▸ TASK DIRECTIONS: Please print nothing but the lines from the one with "南勇(左)与杨一民观看比赛的资料照片。 小新发 |" to the last line of the records below, and omit pictures.
=== Section Start ===
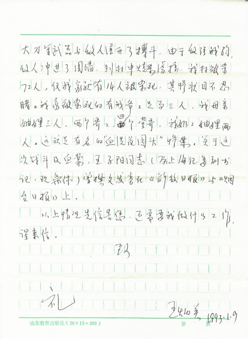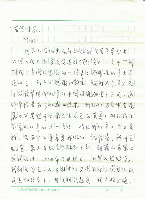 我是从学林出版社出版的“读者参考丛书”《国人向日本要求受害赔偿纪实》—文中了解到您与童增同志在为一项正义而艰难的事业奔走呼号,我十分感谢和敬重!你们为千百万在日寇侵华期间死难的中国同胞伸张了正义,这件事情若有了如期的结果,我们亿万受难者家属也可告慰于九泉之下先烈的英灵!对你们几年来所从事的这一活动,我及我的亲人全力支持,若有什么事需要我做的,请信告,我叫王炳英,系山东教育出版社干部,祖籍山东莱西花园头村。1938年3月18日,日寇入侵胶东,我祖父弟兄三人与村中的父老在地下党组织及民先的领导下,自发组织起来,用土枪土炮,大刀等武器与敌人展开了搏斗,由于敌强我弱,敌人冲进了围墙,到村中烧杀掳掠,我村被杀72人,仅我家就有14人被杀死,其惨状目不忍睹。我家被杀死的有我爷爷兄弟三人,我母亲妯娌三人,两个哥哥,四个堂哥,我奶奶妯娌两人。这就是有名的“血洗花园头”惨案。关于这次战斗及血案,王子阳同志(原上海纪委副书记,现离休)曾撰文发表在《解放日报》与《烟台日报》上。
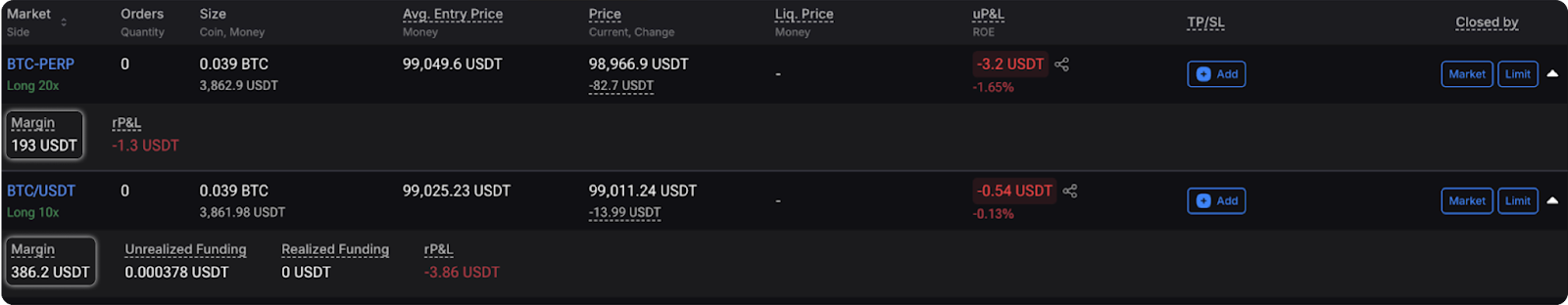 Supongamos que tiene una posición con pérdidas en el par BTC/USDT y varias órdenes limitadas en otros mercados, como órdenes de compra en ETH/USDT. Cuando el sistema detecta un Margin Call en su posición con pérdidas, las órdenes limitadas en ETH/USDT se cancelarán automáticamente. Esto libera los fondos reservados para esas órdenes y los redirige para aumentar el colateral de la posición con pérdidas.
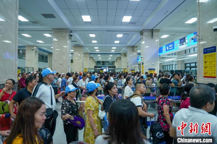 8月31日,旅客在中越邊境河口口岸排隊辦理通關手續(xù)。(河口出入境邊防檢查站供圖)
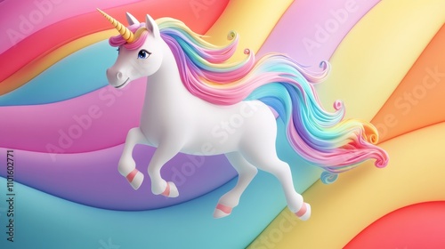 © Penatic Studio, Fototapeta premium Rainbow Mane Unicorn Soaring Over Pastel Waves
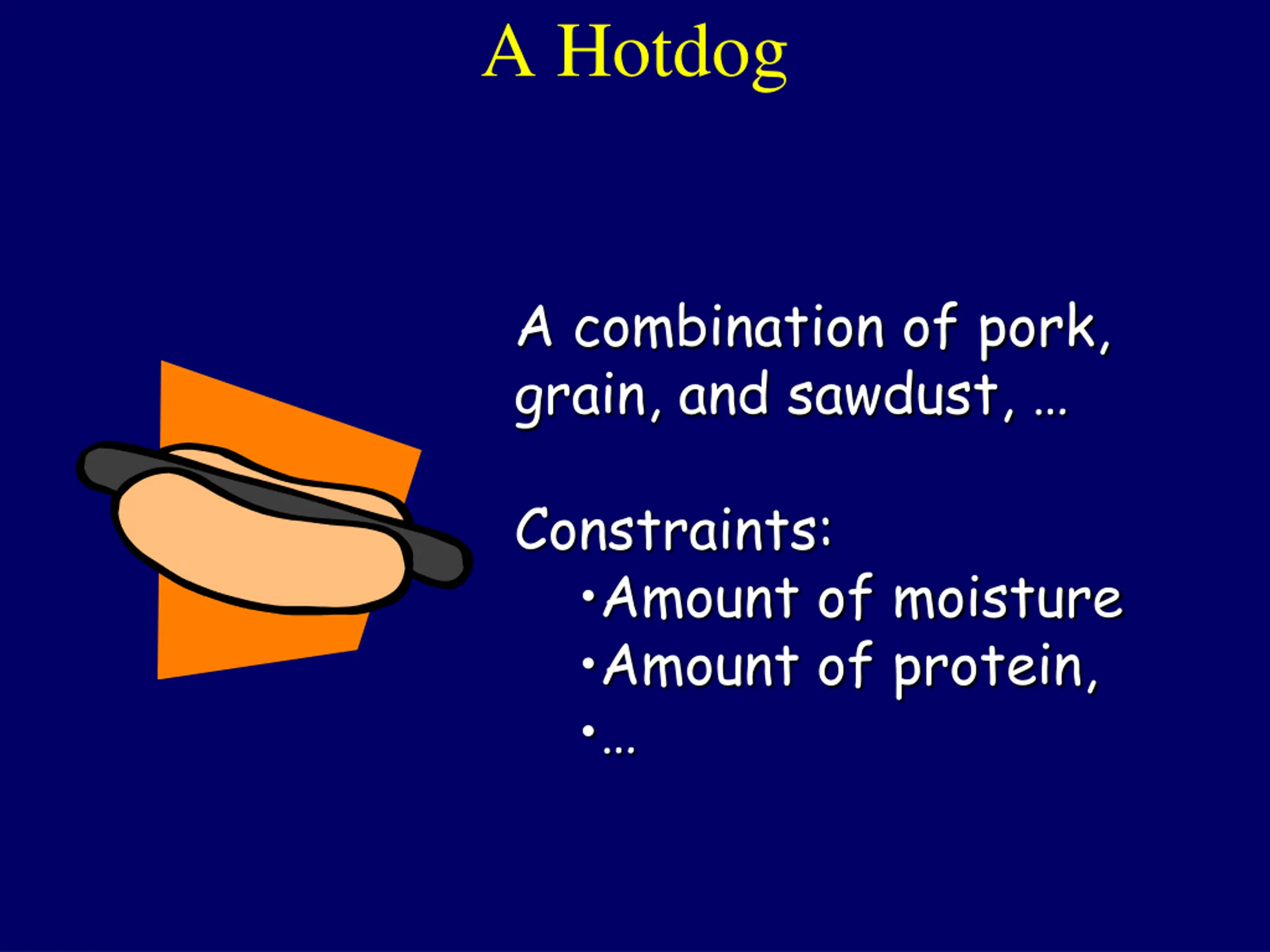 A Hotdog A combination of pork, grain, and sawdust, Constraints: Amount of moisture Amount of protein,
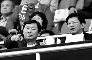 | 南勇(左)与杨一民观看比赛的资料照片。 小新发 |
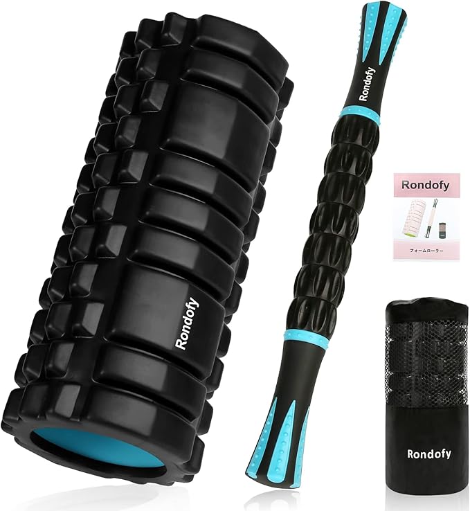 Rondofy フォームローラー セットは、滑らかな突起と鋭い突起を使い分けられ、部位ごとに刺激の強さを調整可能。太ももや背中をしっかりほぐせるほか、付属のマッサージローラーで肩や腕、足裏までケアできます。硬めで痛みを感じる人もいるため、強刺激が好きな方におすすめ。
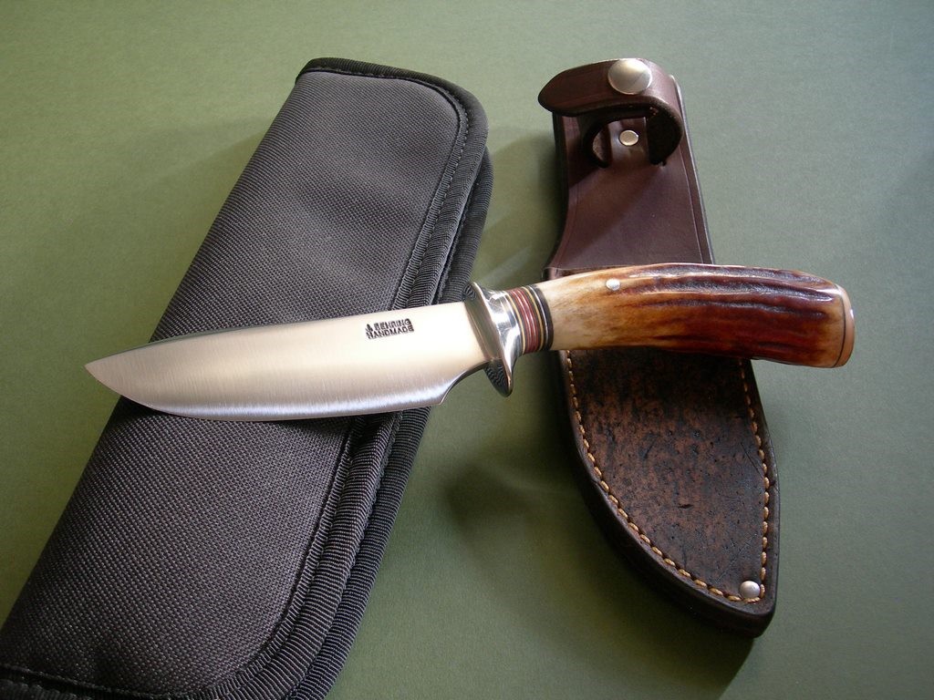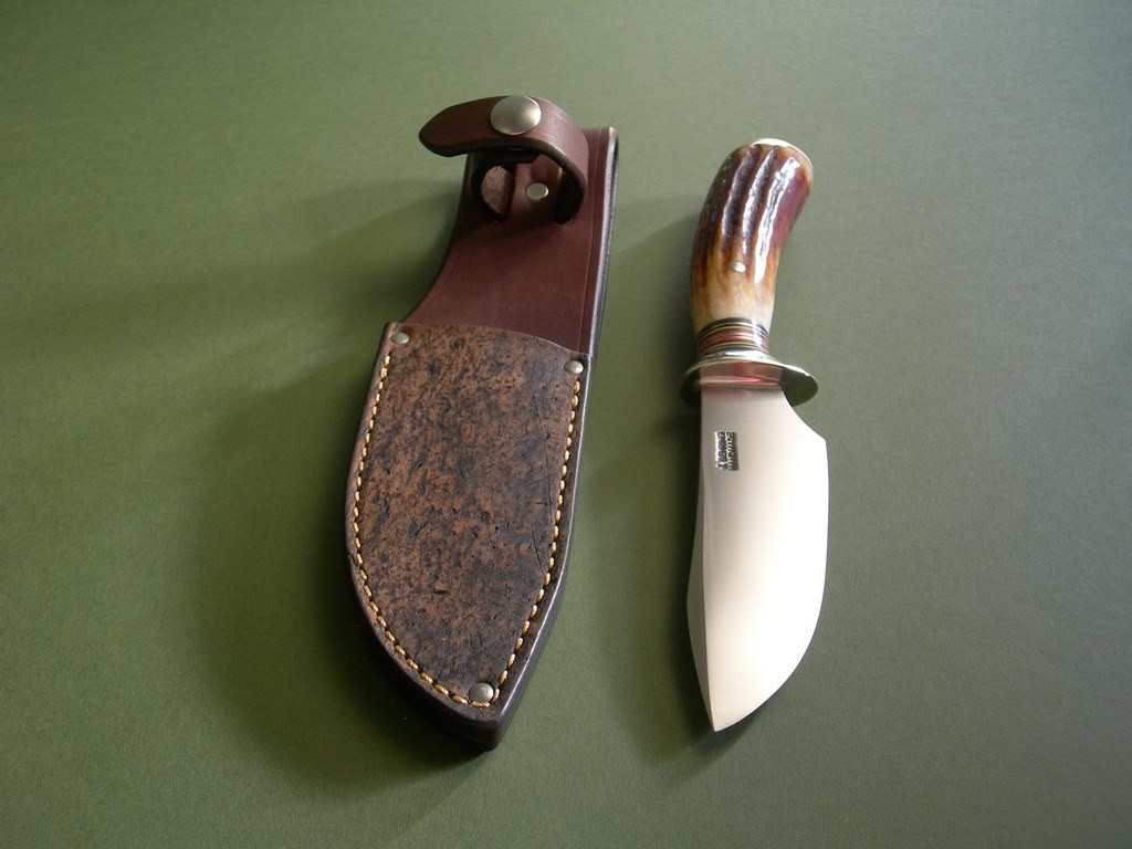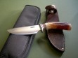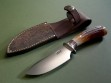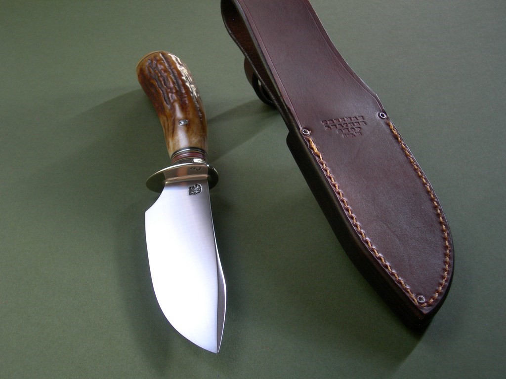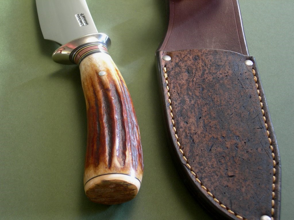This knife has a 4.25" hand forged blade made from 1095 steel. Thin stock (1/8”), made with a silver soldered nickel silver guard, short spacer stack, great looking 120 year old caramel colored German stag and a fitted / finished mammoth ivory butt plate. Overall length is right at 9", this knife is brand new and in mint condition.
=== Section End ===
▸ RESPONSE TO THIS EXERCISE:
 | 南勇(左)与杨一民观看比赛的资料照片。 小新发 |
 Rondofy フォームローラー セットは、滑らかな突起と鋭い突起を使い分けられ、部位ごとに刺激の強さを調整可能。太ももや背中をしっかりほぐせるほか、付属のマッサージローラーで肩や腕、足裏までケアできます。硬めで痛みを感じる人もいるため、強刺激が好きな方におすすめ。
This knife has a 4.25" hand forged blade made from 1095 steel. Thin stock (1/8”), made with a silver soldered nickel silver guard, short spacer stack, great looking 120 year old caramel colored German stag and a fitted / finished mammoth ivory butt plate. Overall length is right at 9", this knife is brand new and in mint condition.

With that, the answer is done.